Review Article2018 Mar 23;20(5):29.

JOURNAL:Curr Cardiol Rep. Article Link

Operator Experience and Outcomes After Left Main Percutaneous Coronary Intervention

Kanmanthareddy A, Anugula D, Kar B. Keywords: Hemodynamic support; High-risk intervention; Left main; Operator experience; Percutaneous coronary intervention

ABSTRACT


PURPOSE OF REVIEWThis review was performed with the goal of summarizing the role of operator experience in the treatment of severe left main stenosis by percutaneous intervention techniques.

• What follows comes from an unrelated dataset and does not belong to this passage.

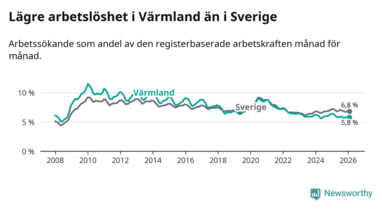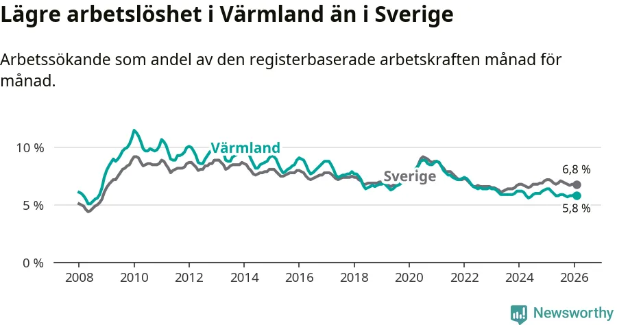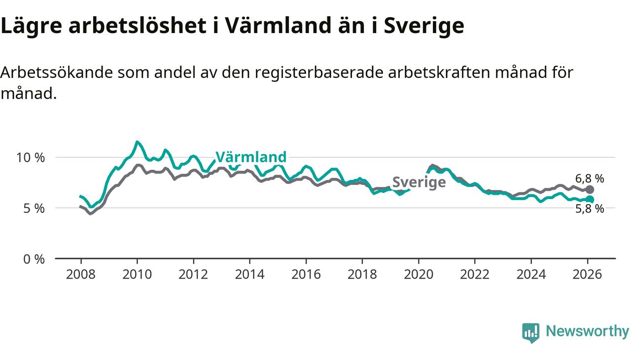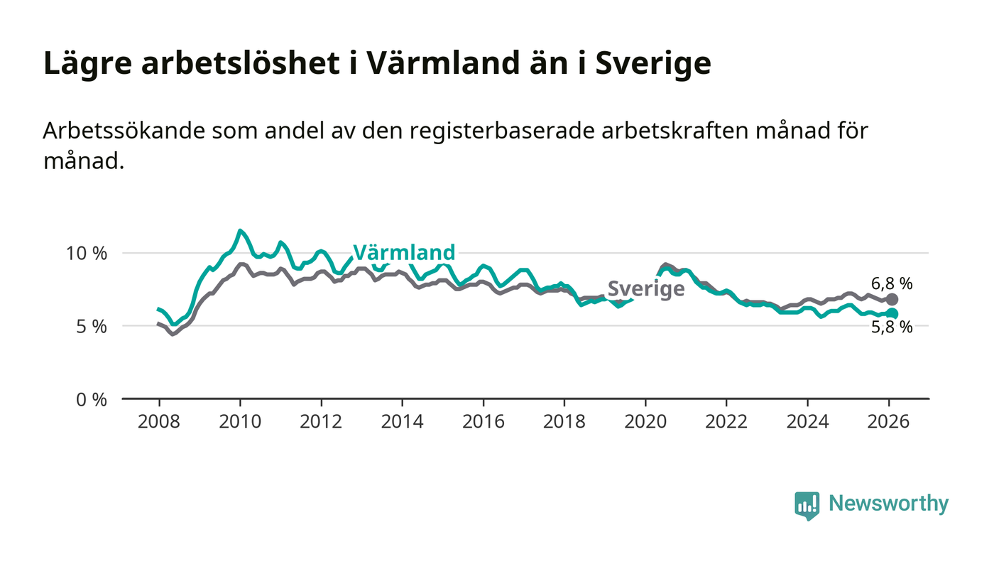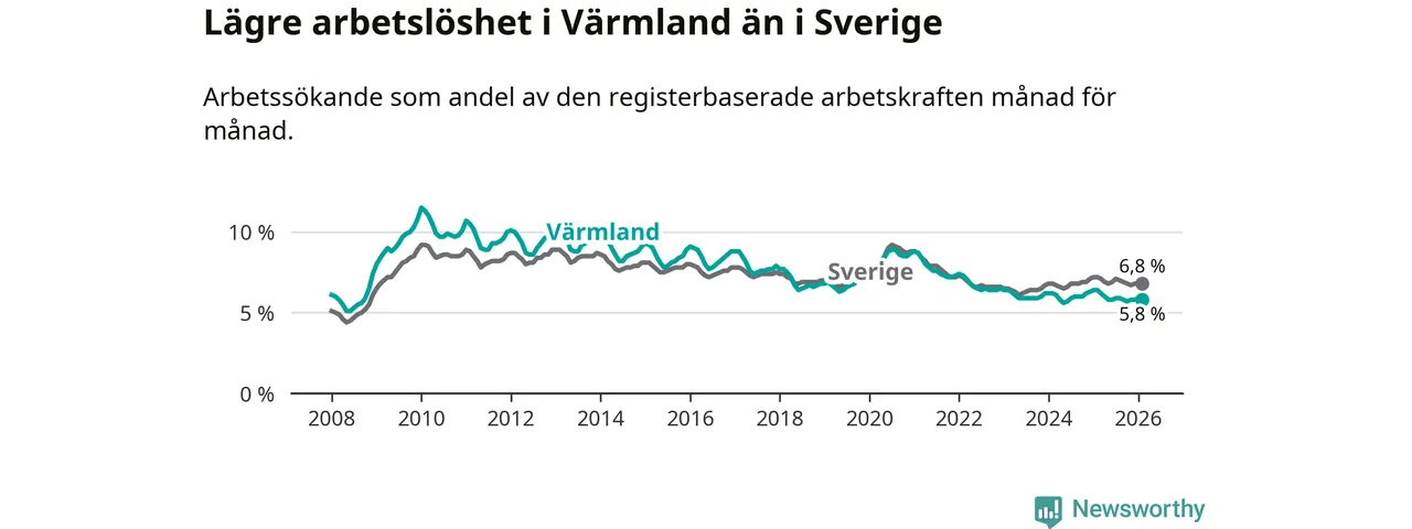 Under februari månad rapporterade Värmlands län en total arbetslöshet på 5,8 procent. Det är en minskning jämfört med samma tidpunkt i fjol (−0,6 procentenheter). Även i Sverige sjunker arbetslösheten .

RECENT FINDINGS - The Evaluation of XIENCE versus Coronary Artery Bypass Surgery for Effectiveness of Left Main Revascularization (EXCEL) trial demonstrated that percutaneous coronary intervention and coronary artery bypass grafting had similar clinical outcomes for severe left main disease. However, PCI of the left main coronary stenosis is considered to be a high-risk intervention because of the large area of myocardium at jeopardy that can quickly cause hemodynamic compromise. Operator experience and familiarity with the use of hemodynamic support devices, plaque modification techniques, and intravascular imaging tools is associated with better clinical outcomes. In patients with severe left main stenosis undergoing percutaneous coronary intervention by high-volume operators, the clinical outcomes are superior.